◆ **TASK ITEM**:
All lines below between the line with "Il commento di" and the line with "9회초 두산 공격 1사", including both, must be copied exactly, and the pictures must be omitted.

◆ **EXERCISE DATA**:
■ ■ ■

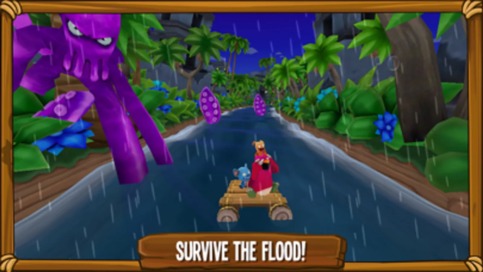Steer the creatures’ raft down perilous rapids filled with rocks, hungry crocs, snapping fishes, and Noah’s explosive barrels to out run the tidal wave behind you and catch the ark.
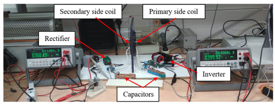 respectively. The system has been designed for power delivery into an enclosed compartment through a 10 mm thick polyvinyl-chloride plate with near-unity voltage gain, as shown in Figure 5. The transmitter-side inverter was utilized by a modified Transphorm TDINV1000P100-KIT 1-kW Inverter GaN Evaluation Platform [37] utilizing 650 V, 150 mΩ TPH3206PSB gallium-nitride field effect transistors (FET) and driven by silicon labs SI8273AB1 isolated drivers. The switching signal was generated by a Taxes-Instrument F28335 digital signal processor. The receiver-side rectifier was performed by Microsemi APT40DQ120BG ultrafast diodes. The system was fed from an IT61517D ITECH high-voltage DC power supply and loaded by a Maynuo M9715 DC electronic load operated in the constant-power mode. A 20 kΩ resistor was constantly connected at the DC output of the inductive WPT link to realize the minimum allowed loading of PO,MIN = 9 W [36]. An interested reader may refer to [34,35,36] for further details. Measured static output voltage versus load power curve was derived in [34] and is reproduced in Figure 6.
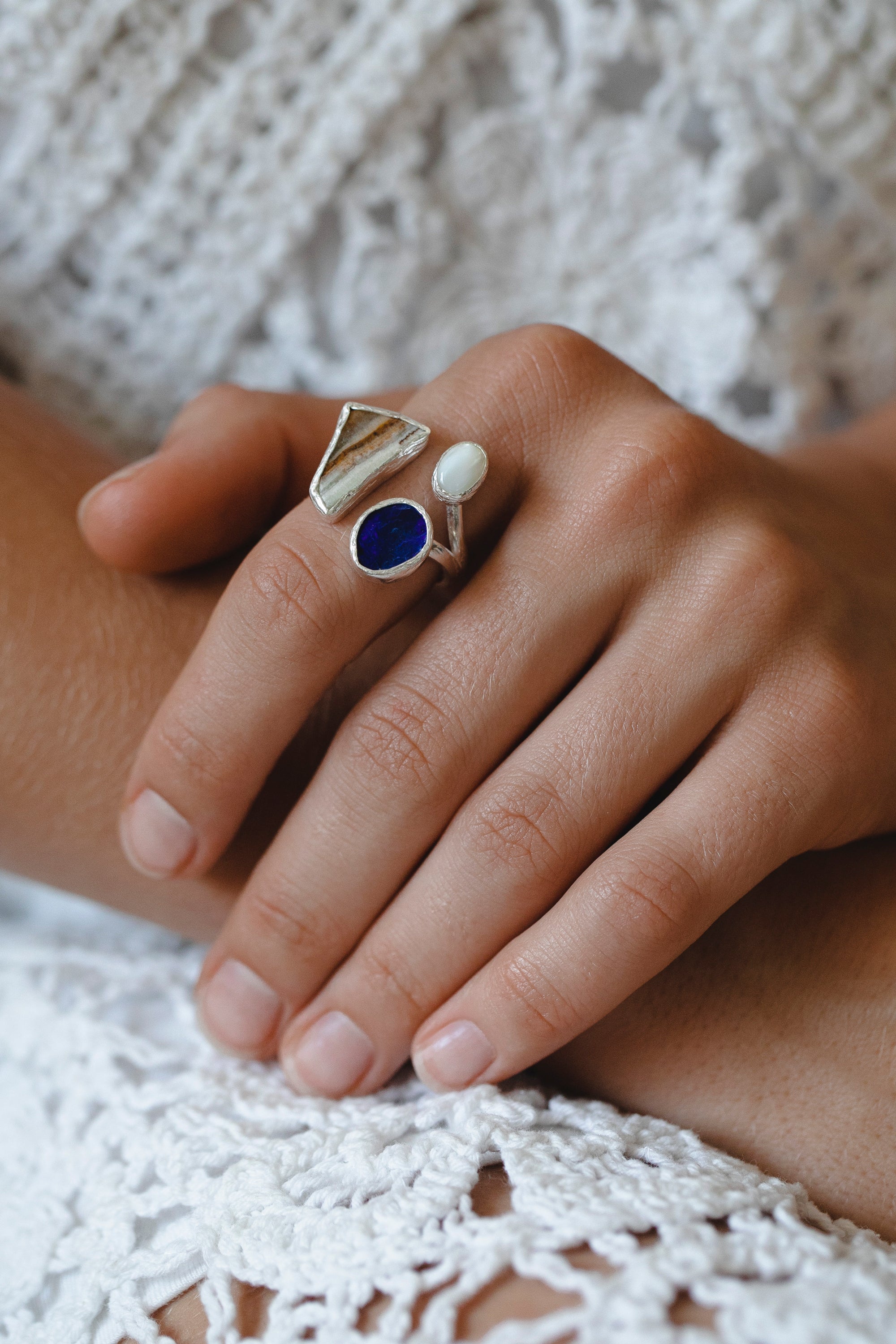 · Ring with natural semiprecious stones — agate and opal — and natural mother of pearl
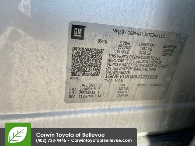 Confident and bold, our Accident Free, One Owner, Low Mileage 2018 Chevrolet Traverse LT AWD offered in amazing Silver Ice Metallic is ready for duty! Powered by a 3.6 Liter V6 that delivers 310hp connected to a 9 Speed Automatic transmission for easy passing and towing. Whether taking the kids to school, commuting to work, or towing that toy on the weekends, our All Wheel Drive SUV is at your service, offering nearly 27mpg on the highway. As you approach our terrific Traverse, you will immediately notice the athletic design, LED lighting, HID headlamps, fog lamps, heated power mirrors, a power liftgate, and fantastic alloy wheels.
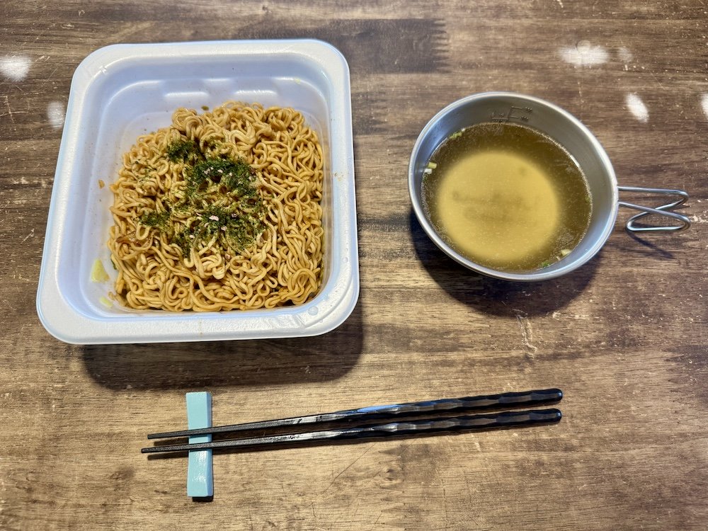 ちょうどお昼だったので、お昼ご飯は簡単に「やきそば弁当」。
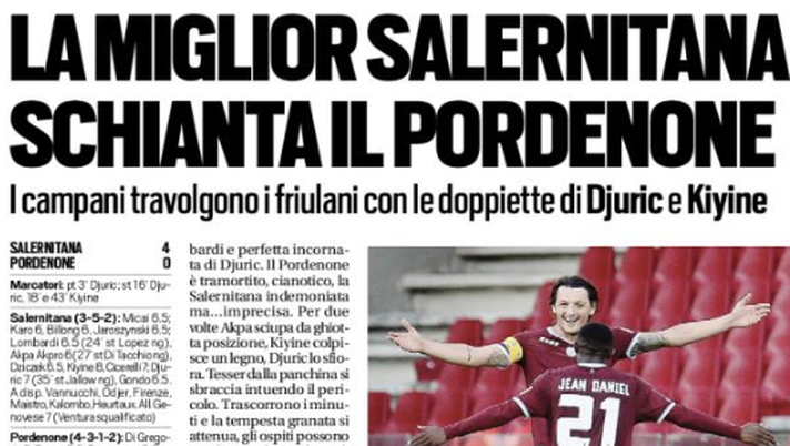Il commento di Tuttosport alla vittoria netta della Salernitana sul Pordenone.
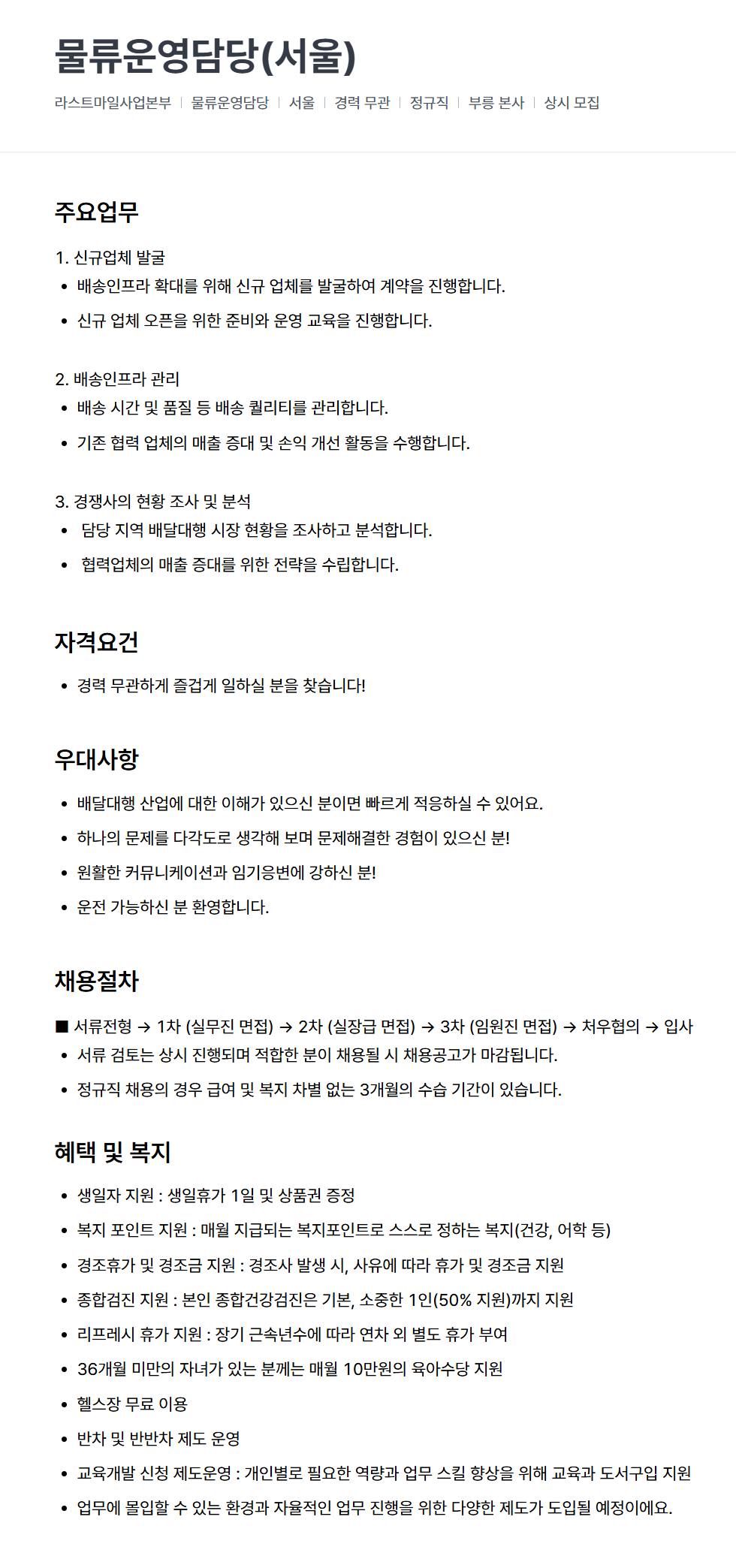 물류운영담당(서울)
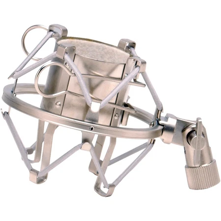 The SM-3 is an elastic spider type isolation shock mount with a large felt lined spring-clamp microphone holder. Prevents most shock and vibration noise from affecting microphone performance. Adjustable angle can be locked into position using locking knob. Large sub-frame, for extra stability, is suspended with two encased elastic bands. Fits most cylindrical microphones from 42 mm (1.65″) to 48 mm (1.89″). Standard 5/8″-27 Female metal microphone stand adapter. Champagne Gold powder coat finish.
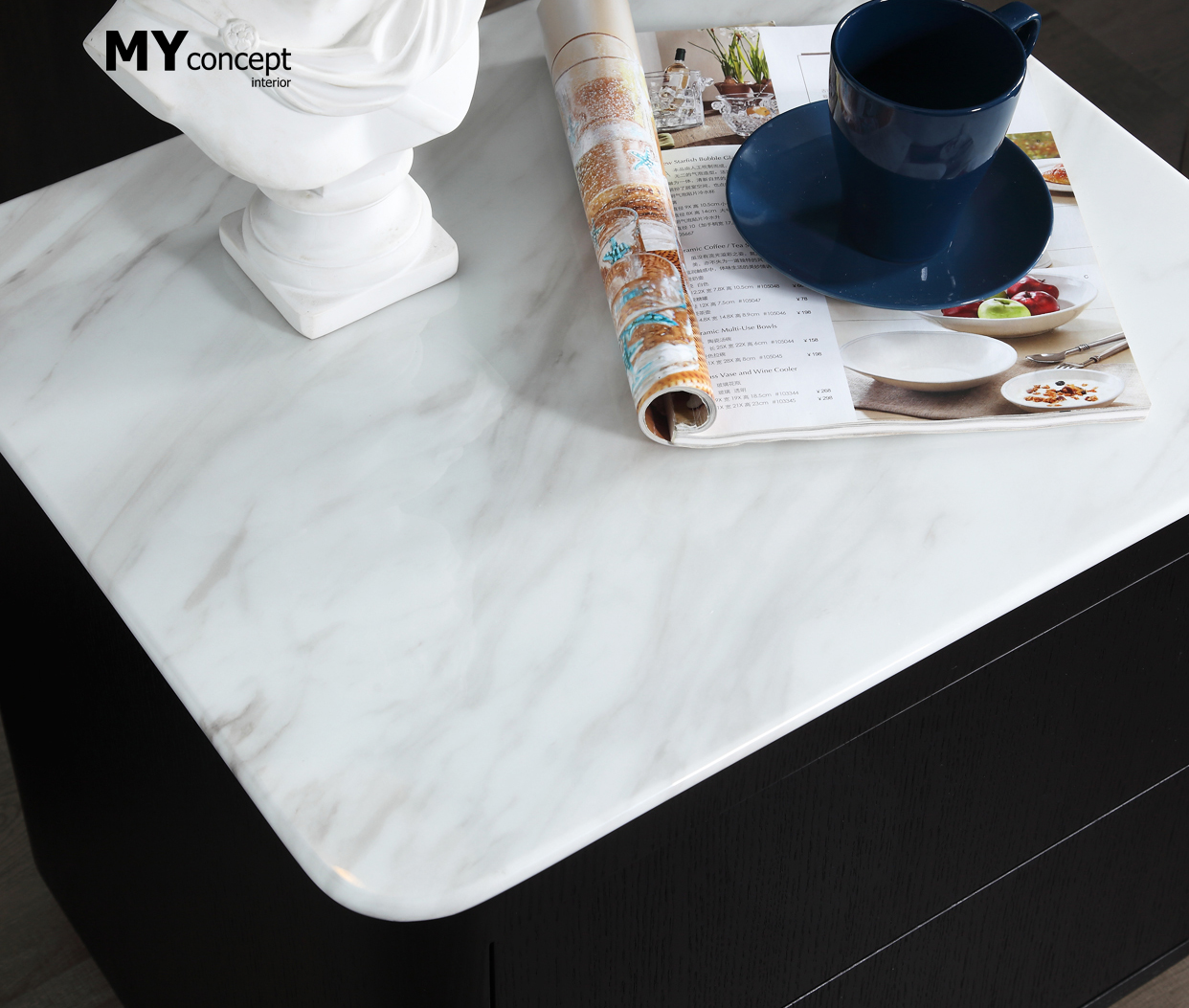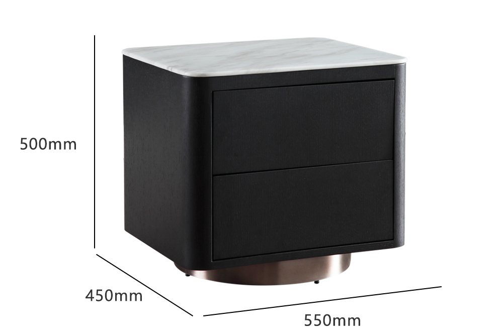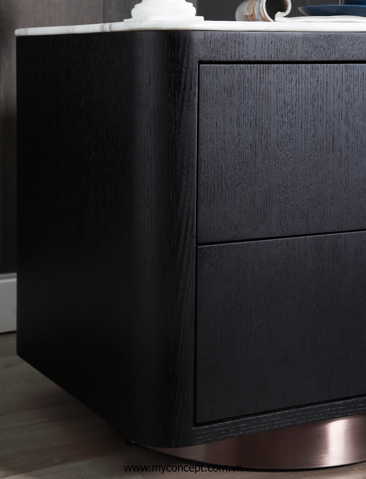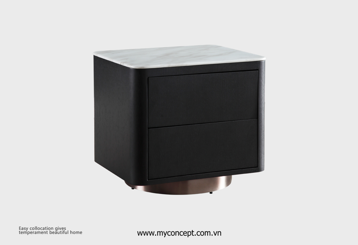 Chất liệu: Gỗ sồi Nga, phủ veneer, mặt đá cẩm thạch tự nhiên, chân thép mạ đồng
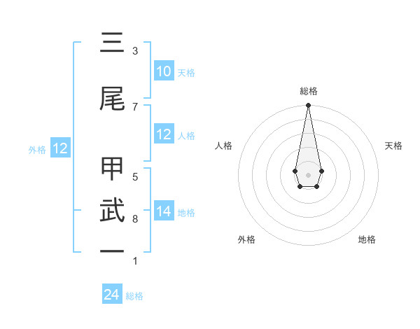 三尾 甲武一さんを姓名の画数から五運を鑑定
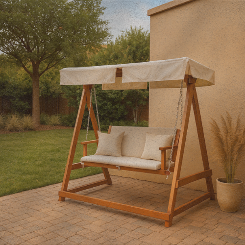 Crafted from natural wood and soft beige tones, this swing adds a cozy, elegant touch to your garden perfect for unwinding in style
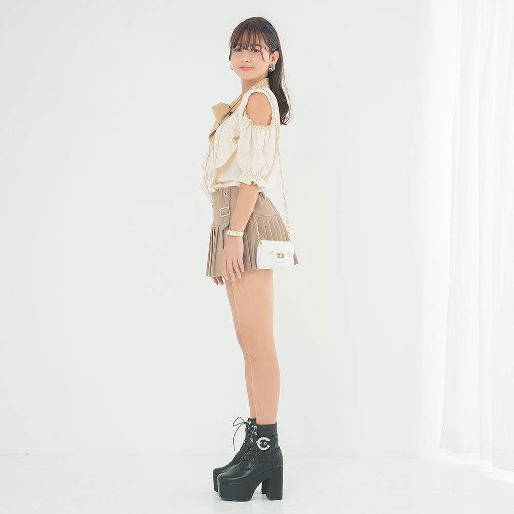 キラキラパーツが際立つプリーツスカート
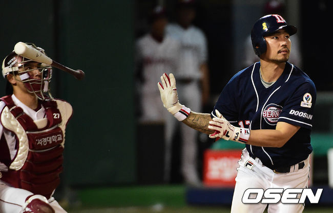 9회초 두산 공격 1사 1, 2루 상황 오재원이 추격의 좌월 스리런포를 날리고 있다.
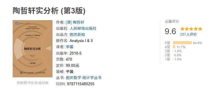豆瓣 9.5 分的封神口碑中,78.9% 读者给出五星好评,MIT、剑桥等名校均将其列为参考书。它兼顾严格性与直观性,用通俗语言拆解抽象概念,从极限、连续性到勒贝格积分,既适合初学者入门,也能满足进阶者深挖本质的需求。陶哲轩更在书中融入思维训练,手把手教你写证明,培养严谨的数学逻辑。
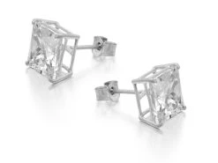 9ct White Gold Princess Cut Cubic Zirconia Stud Earrings – 7mm – G3242
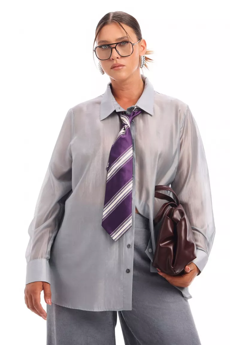 Блузка свободного силуэта, из смесовой вискозы с абстрактным принтом, длина миди. Воротник стояче-отложной. Спереди супатная застежка пуговицы и декоративные пуговицы. Рукав длинный, на отрезной манжете, пройма широкая.

■ ■ ■

◆ **ANSWER SPACE**:
Il commento di Tuttosport alla vittoria netta della Salernitana sul Pordenone.
 물류운영담당(서울)
 The SM-3 is an elastic spider type isolation shock mount with a large felt lined spring-clamp microphone holder. Prevents most shock and vibration noise from affecting microphone performance. Adjustable angle can be locked into position using locking knob. Large sub-frame, for extra stability, is suspended with two encased elastic bands. Fits most cylindrical microphones from 42 mm (1.65″) to 48 mm (1.89″). Standard 5/8″-27 Female metal microphone stand adapter. Champagne Gold powder coat finish.
 Chất liệu: Gỗ sồi Nga, phủ veneer, mặt đá cẩm thạch tự nhiên, chân thép mạ đồng
 三尾 甲武一さんを姓名の画数から五運を鑑定
 Crafted from natural wood and soft beige tones, this swing adds a cozy, elegant touch to your garden perfect for unwinding in style
 キラキラパーツが際立つプリーツスカート
 9회초 두산 공격 1사 1, 2루 상황 오재원이 추격의 좌월 스리런포를 날리고 있다.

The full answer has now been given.